Тайна леса Рамбуйе - Владимир Катин
Шрифт:
Интервал:
Закладка:
— О да!
— А я полагал, что журналисты перегружены заданиями. Где-то читал, будто бы они на втором месте по непродолжительности жизни. На первом — повара, на. третьем — шахтеры.
— Я — исключение, месье Моран. Вам, кажется, рекомендованы прогулки? Так давайте отправимся в Булонский лес, и я расскажу о себе, если у вас есть охота слушать.
Стоял теплый осенний день. По аллеям Булонского леса носилась детвора, резвились собаки, с напускным безразличием прогуливались проститутки. На озере шумно хлопали крыльями утки.
Робер говорил неторопливо, обстоятельно и бесстрастно, словно не о себе, а о ком-то постороннем.

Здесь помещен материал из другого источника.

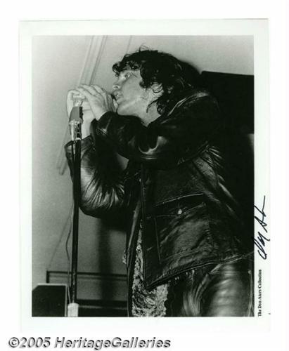 <B>Jim Morrison Unpublished Photo (Don Aters).</B></I> Photographer Don Aters made only 500 of these limited, black and white 8" x 10" photos. This phot, signed by Aters, shows Jim Morrison of the Doors performing at the Matrix in San Francisco in 1967. This was the Doors' first trip to SF, and the photo shows a young Morrison on stage. A cool piece for the Doors collector.
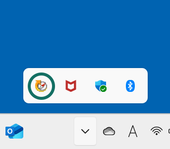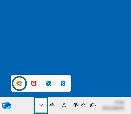 タスクバーの端に表示されている「∧」をクリックし、アップデートナビのアイコンが表示されていれば、アップデートナビは起動しています。
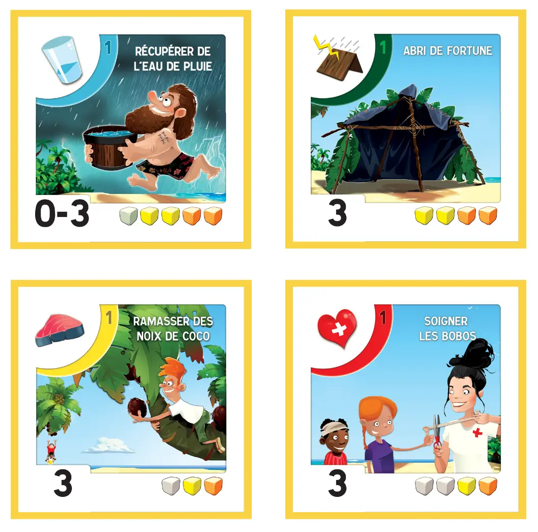 Dans un deuxième temps seulement, il sera temps d’envisager de s’échapper de l’île car le volcan de l’île gronde… et l’irruption est imminente. Ils devront alors gérer leurs efforts pour maintenir leur système de survie tout en construisant un « système de sauvetage » efficace et qui répond à 2 besoins fondamentaux : flotter… et avancer !
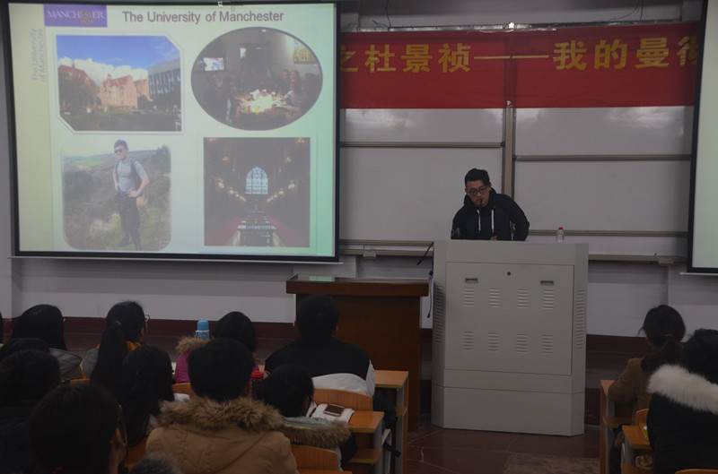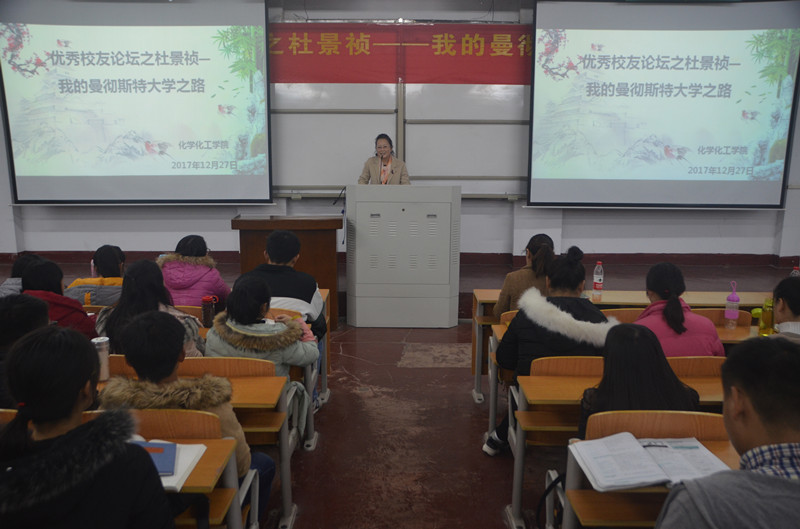 为进一步加强创新创业教育工作,激励广大在校学生努力学习,立志成才。12月27日晚,化学化工学院于文化路校区1#106教室举办优秀校友论坛讲座,特邀永利23411集团2013届优秀校友杜景祯同学给我们分享他的曼彻斯特大学之路,党总支副书记刘瑛、17级辅导员郭家瑞以及永利23411集团2017届全体新生参加了论坛。论坛由院党总支副书记刘瑛主持。
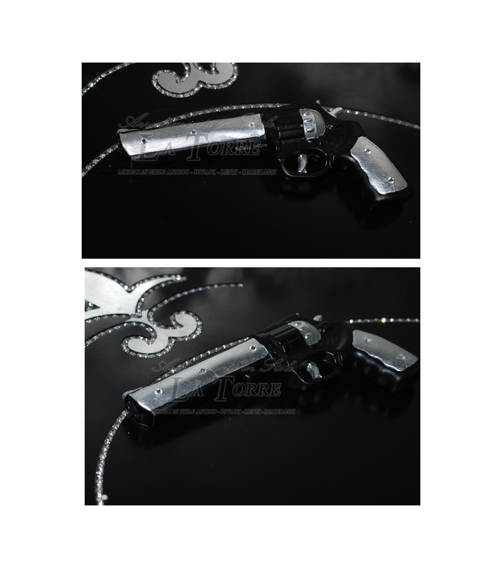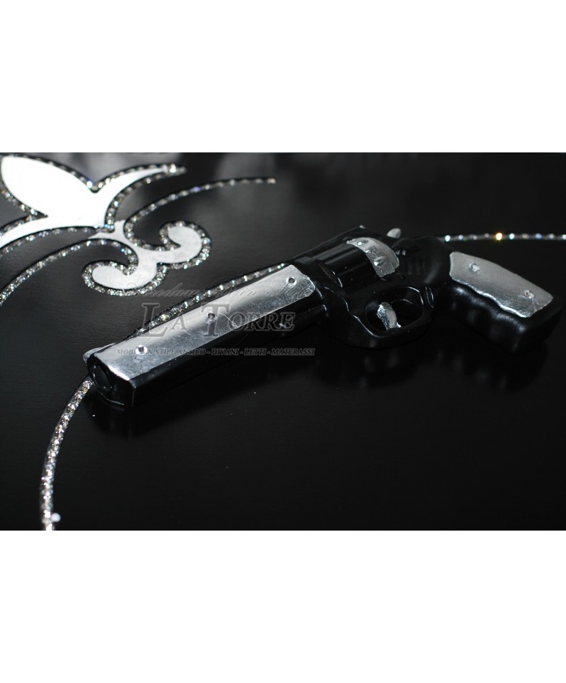 Ceramic Revolver Drum Pistol Silver and Black with Swarovski PR33
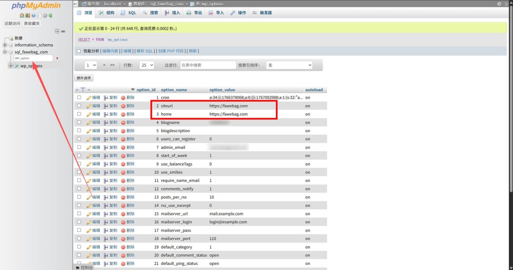 输入我们数据库的账号密码之后,登录我们的数据库,然后搜索wp_options,在右边我们能看到siteurl和home的链接还是显示老域名的链接,此时我们要手动改成我们新域名的网站链接!
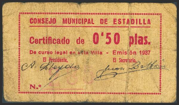 ESTADILLA (HUESCA). 50 Céntimos. 1937. (Pick: 2351). Inusual. BC+.
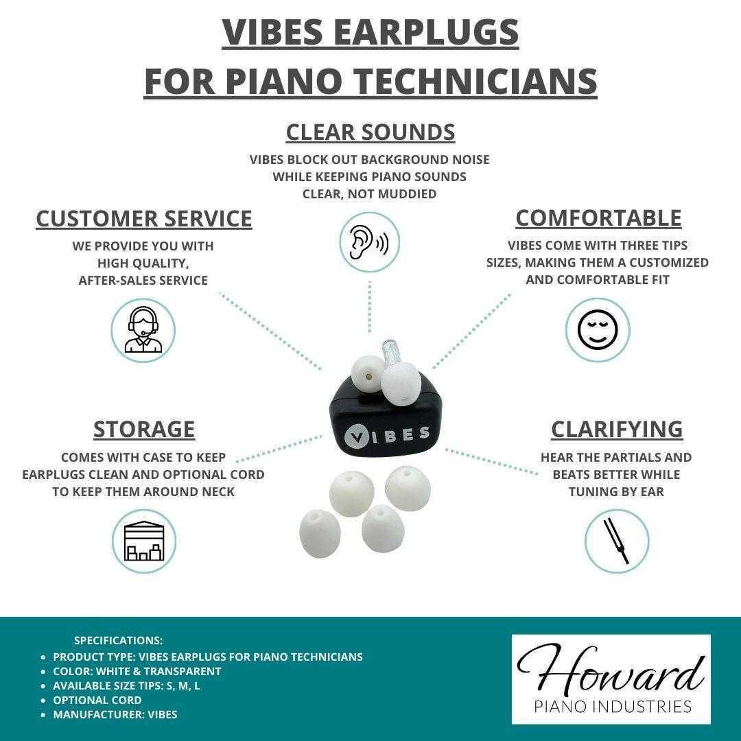 An effective way to filter sound while piano tuning is to use earplugs that enhance the sounds of the piano while lowering volume to help protect your hearing. Vibes Earplugs are designed to give what you're needing to hear more clarity while blocking out unwanted background noise. Provides approximately 22 db reduction across frequencies. Comes with three different sizes of interchangeable ear tips as well as a case to keep your earplugs in. There is an option for adding an attachable cord so the earplugs can be hung around the neck when not in use.
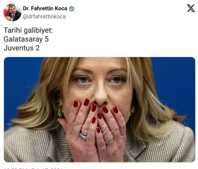 Galatasaray, UEFA Şampiyonlar Ligi son 16 play-off turu ilk maçında Juventus'u 5-2'lik ezici bir skorla mağlup ettiği maçın ardından Eski Sağlık Bakanı Fahrettin Koca, Cimbom'un bu başarısını İtalya Başbakanı Giorgia Meloni’nin fotoğrafı ile kutlamıştı.
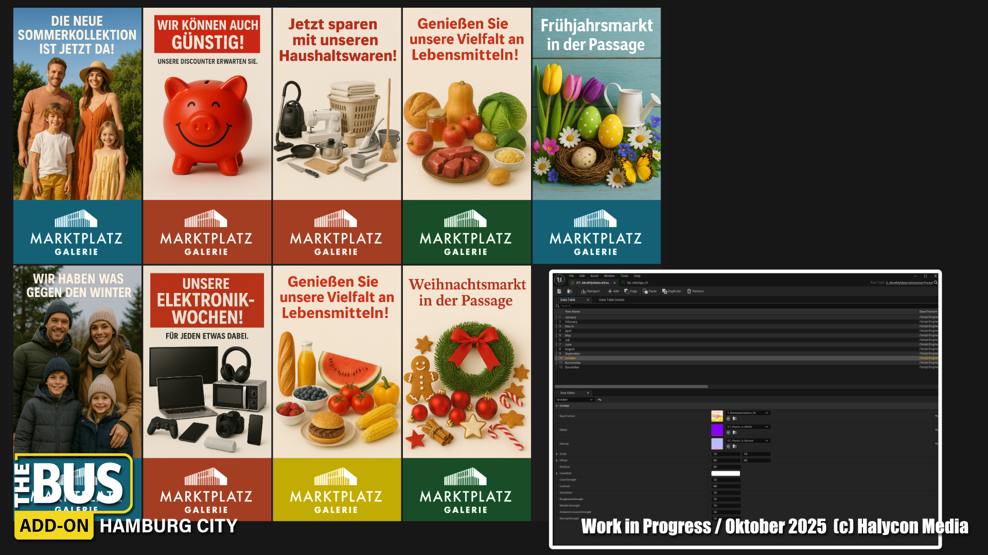 On the front of the Marktplatz Galerie, you’ll soon see large, changing ad banners that automatically adapt to the current month and season — showing ongoing promotions, local markets, or events at the mall.
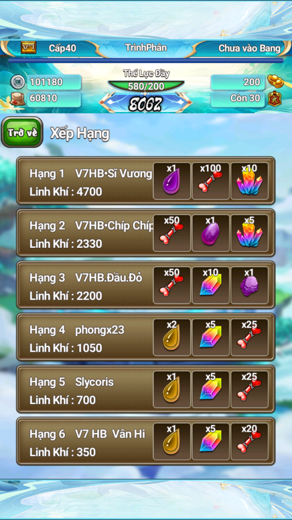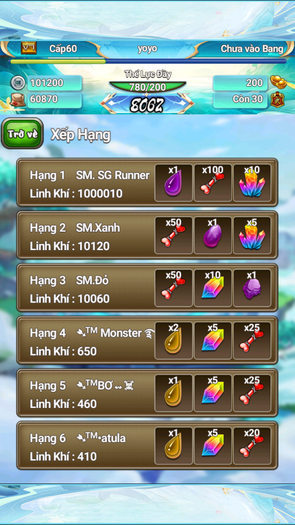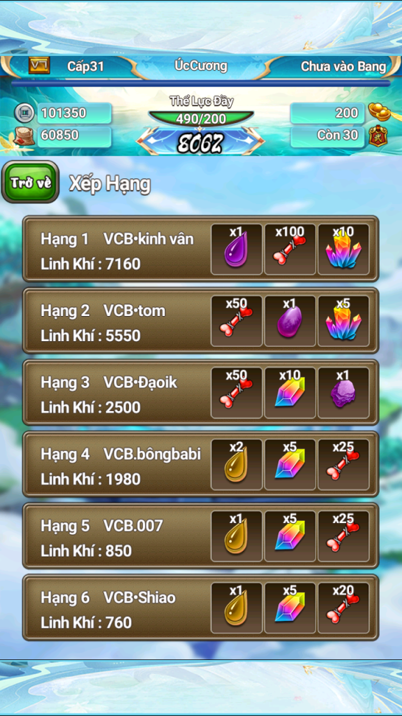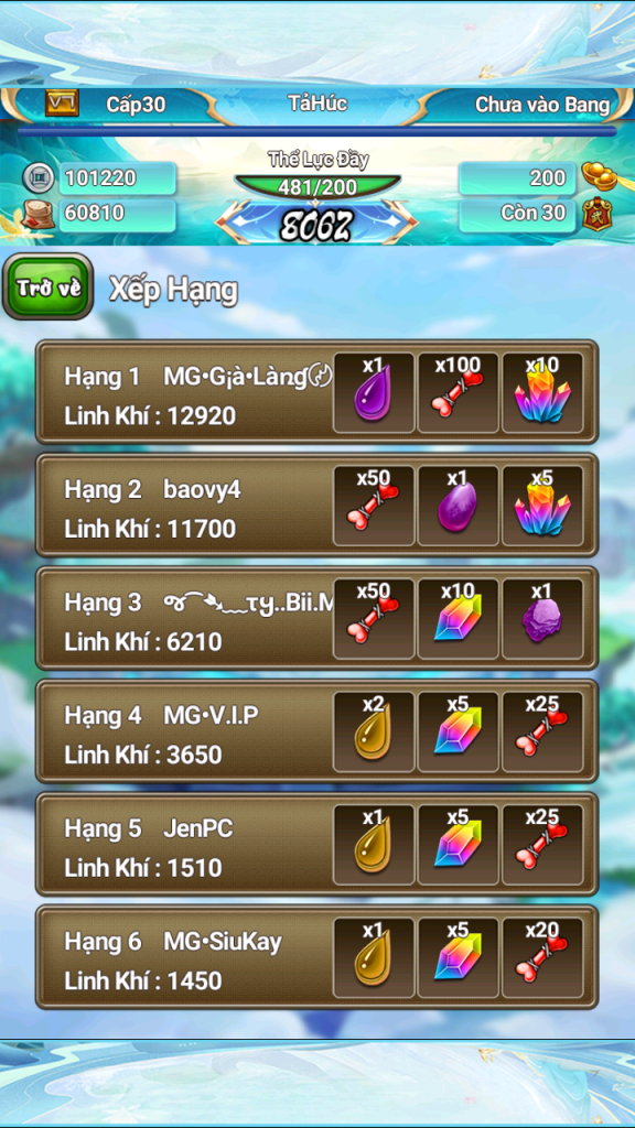 Xin được chúc mừng 3 vị sư huynh có số điểm tụ linh cao nhất sẽ nhận được phần thưởng đua top sự kiện!
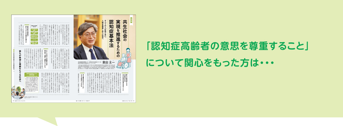 ぜひ、2024年5月号「共生社会の実現を推進するための認知症基本法」も読み返してみてください。
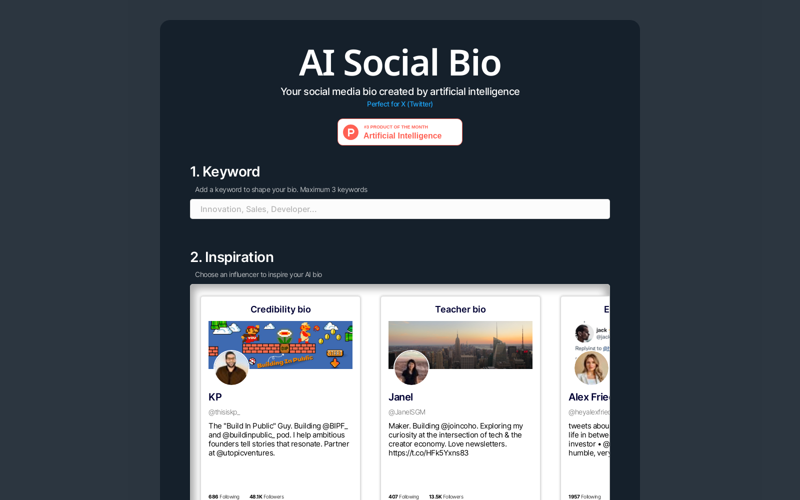 Create the perfect social media bio using AI. Use the AI Social Bio generator to get the best Twitter, LinkedIn and Instagram bio.
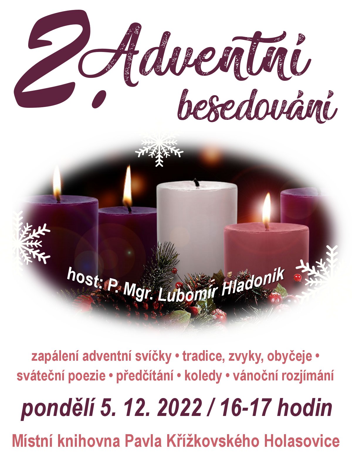Organizátor Místní knihovna Pavla Křížkovského Holasovice O události Hodinka v knihovně, která vás pohladí po duši. Zapálíme adventní svíci, připomeneme si vánoční tradice, zvyky a obyčeje, poslechneme vánoční poezii, budeme si předčítat z klenotů domácí i světové literatury, zazpíváme vánoční písně a koledy a pobesedujeme spolu. Toto hodinové setkání se uskuteční čtyřikrát, vždy v pondělí po adventní neděli. Hostem setkání je P. Mgr. Lubomír Hladonik.
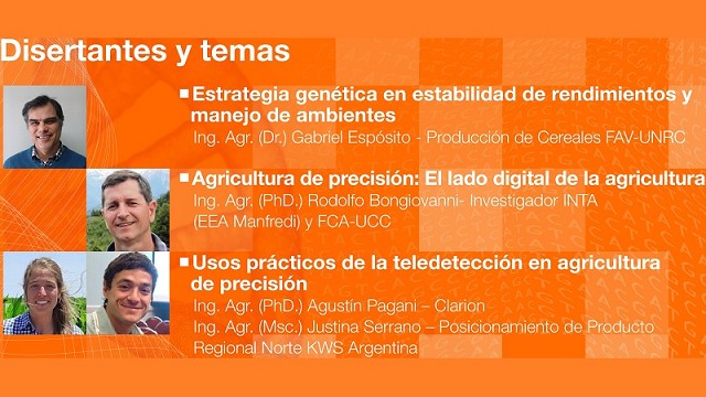 Durante este primer webinar, el Ing. Agr. Dr. Gabriel Espósito, docente de Producción de Cereales de la Univ. Nac. de Río Cuarto disertará acerca de estrategias genéticas en estabilidad de rendimientos y manejo de ambientes. A continuación, el Ing. Agr. PhD. Rodolfo Bongiovanni, investigador INTA Manfredi y de la Univ. Católica de Córdoba, presentará “el lado digital de la agricultura”.
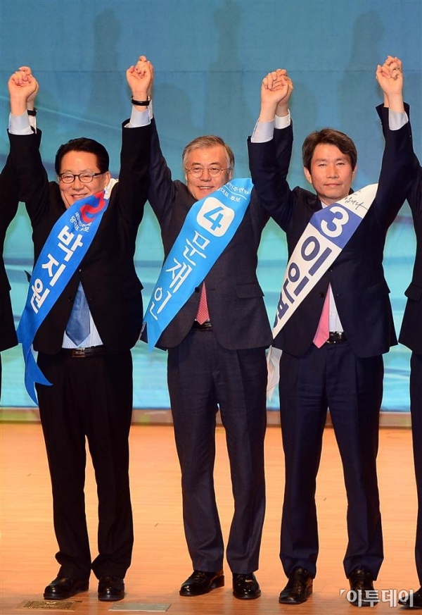 새정치민주연합 당대표 및 최고위원 선출을 위한 예비경선이 7일 오후 여의도 국회 의원회관 대회의실에서 열렸다. 투표 결과 당대표 후보로 선출된 박지원, 문재인, 이인영 후보가 무대에 올라 지지자들에게 손을 들어 인사하고 있다. 노진환 기자 myfixer@

…Известность в журналистском мире пришла к нему сразу, как только он сделал свой первый репортаж с Ближнего Востока. Потом были Алабама, Родезия, Ангола, Ливан, Иран. Имя Робера Дюка сделалось слитным с горячими точками, это были корреспонденции из «кратеров вулканов». В то время он считался свободным художником — работал на того, с кем договаривался о конкретном репортаже. Это мог быть журнал, телевидение, порой газета или радио.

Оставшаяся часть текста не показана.